Data records
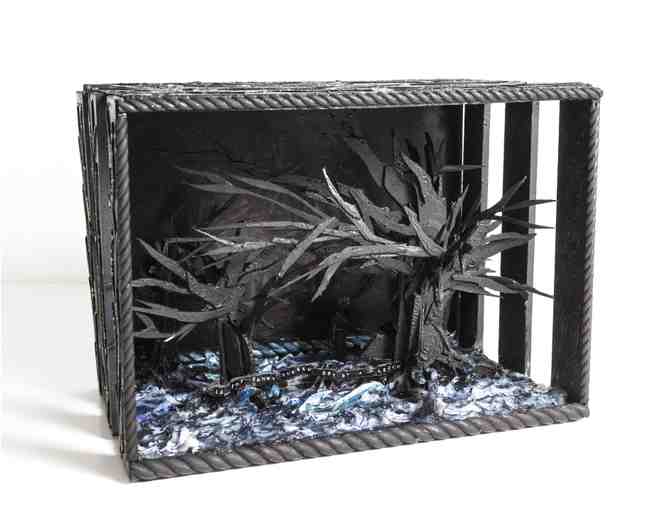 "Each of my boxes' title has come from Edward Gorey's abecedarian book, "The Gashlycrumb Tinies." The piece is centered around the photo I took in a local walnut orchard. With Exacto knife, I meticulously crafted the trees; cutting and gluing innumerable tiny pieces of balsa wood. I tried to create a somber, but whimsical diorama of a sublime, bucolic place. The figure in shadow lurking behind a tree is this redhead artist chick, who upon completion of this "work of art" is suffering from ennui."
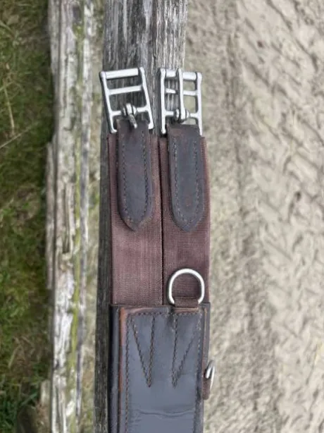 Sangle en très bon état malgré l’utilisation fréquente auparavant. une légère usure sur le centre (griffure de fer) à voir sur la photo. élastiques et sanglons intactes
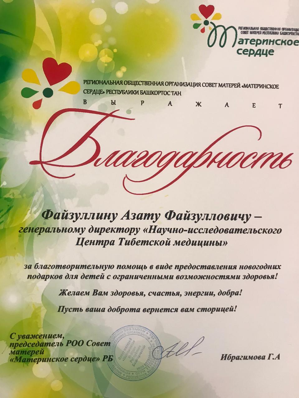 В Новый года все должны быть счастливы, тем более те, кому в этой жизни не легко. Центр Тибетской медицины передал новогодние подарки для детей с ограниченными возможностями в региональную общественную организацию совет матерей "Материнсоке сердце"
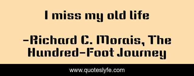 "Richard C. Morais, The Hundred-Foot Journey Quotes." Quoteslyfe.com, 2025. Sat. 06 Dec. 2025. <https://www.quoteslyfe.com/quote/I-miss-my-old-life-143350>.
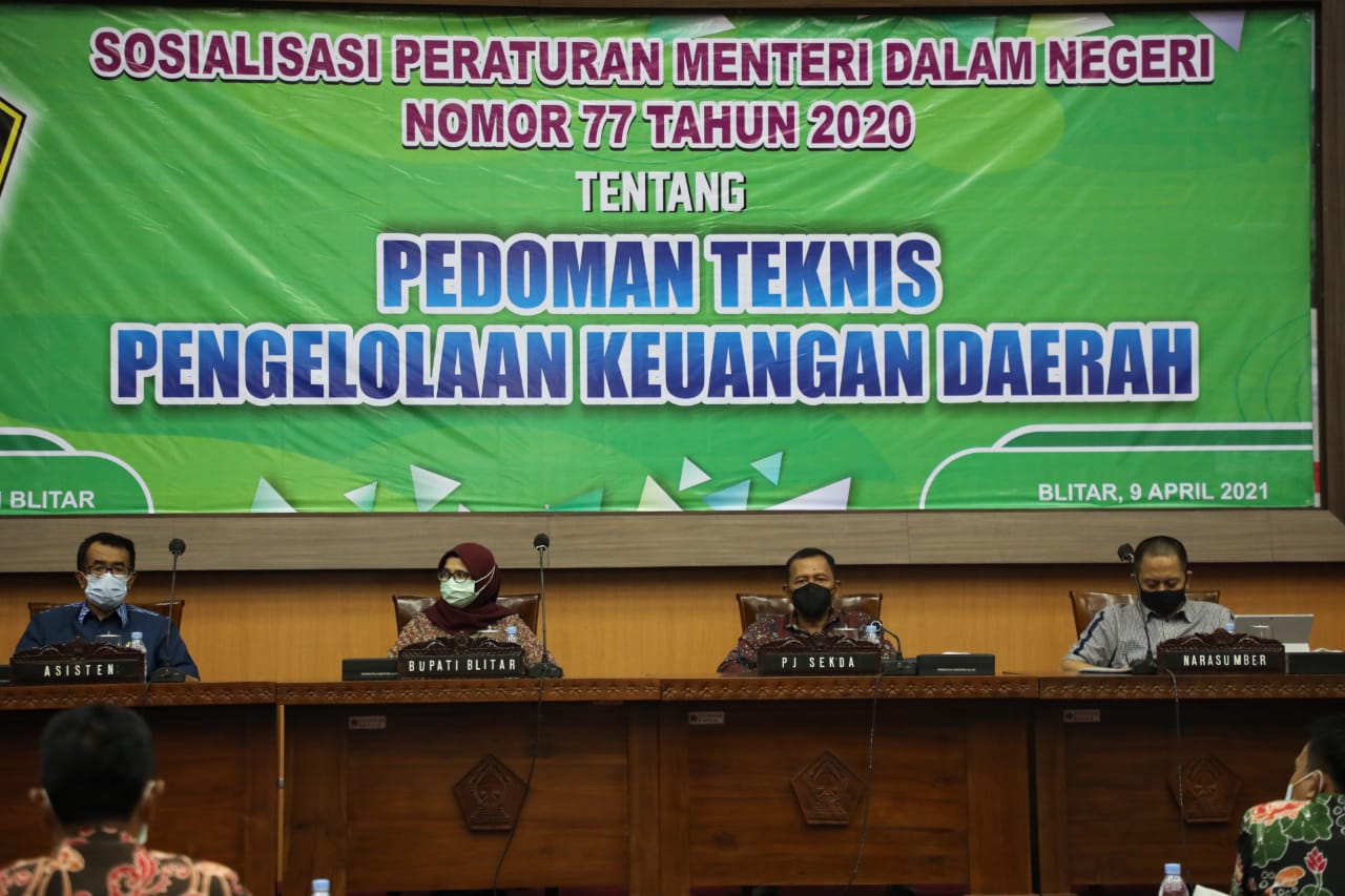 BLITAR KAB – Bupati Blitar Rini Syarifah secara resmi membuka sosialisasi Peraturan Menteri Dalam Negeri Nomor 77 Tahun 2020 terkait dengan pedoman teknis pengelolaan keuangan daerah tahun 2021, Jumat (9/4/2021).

▸ Task directions
Please write out all the data word for word, but keep every picture out.

▸ Solution below
 "Each of my boxes' title has come from Edward Gorey's abecedarian book, "The Gashlycrumb Tinies." The piece is centered around the photo I took in a local walnut orchard. With Exacto knife, I meticulously crafted the trees; cutting and gluing innumerable tiny pieces of balsa wood. I tried to create a somber, but whimsical diorama of a sublime, bucolic place. The figure in shadow lurking behind a tree is this redhead artist chick, who upon completion of this "work of art" is suffering from ennui."
 Sangle en très bon état malgré l’utilisation fréquente auparavant. une légère usure sur le centre (griffure de fer) à voir sur la photo. élastiques et sanglons intactes
 В Новый года все должны быть счастливы, тем более те, кому в этой жизни не легко. Центр Тибетской медицины передал новогодние подарки для детей с ограниченными возможностями в региональную общественную организацию совет матерей "Материнсоке сердце"
 "Richard C. Morais, The Hundred-Foot Journey Quotes." Quoteslyfe.com, 2025. Sat. 06 Dec. 2025. <https://www.quoteslyfe.com/quote/I-miss-my-old-life-143350>.
 BLITAR KAB – Bupati Blitar Rini Syarifah secara resmi membuka sosialisasi Peraturan Menteri Dalam Negeri Nomor 77 Tahun 2020 terkait dengan pedoman teknis pengelolaan keuangan daerah tahun 2021, Jumat (9/4/2021).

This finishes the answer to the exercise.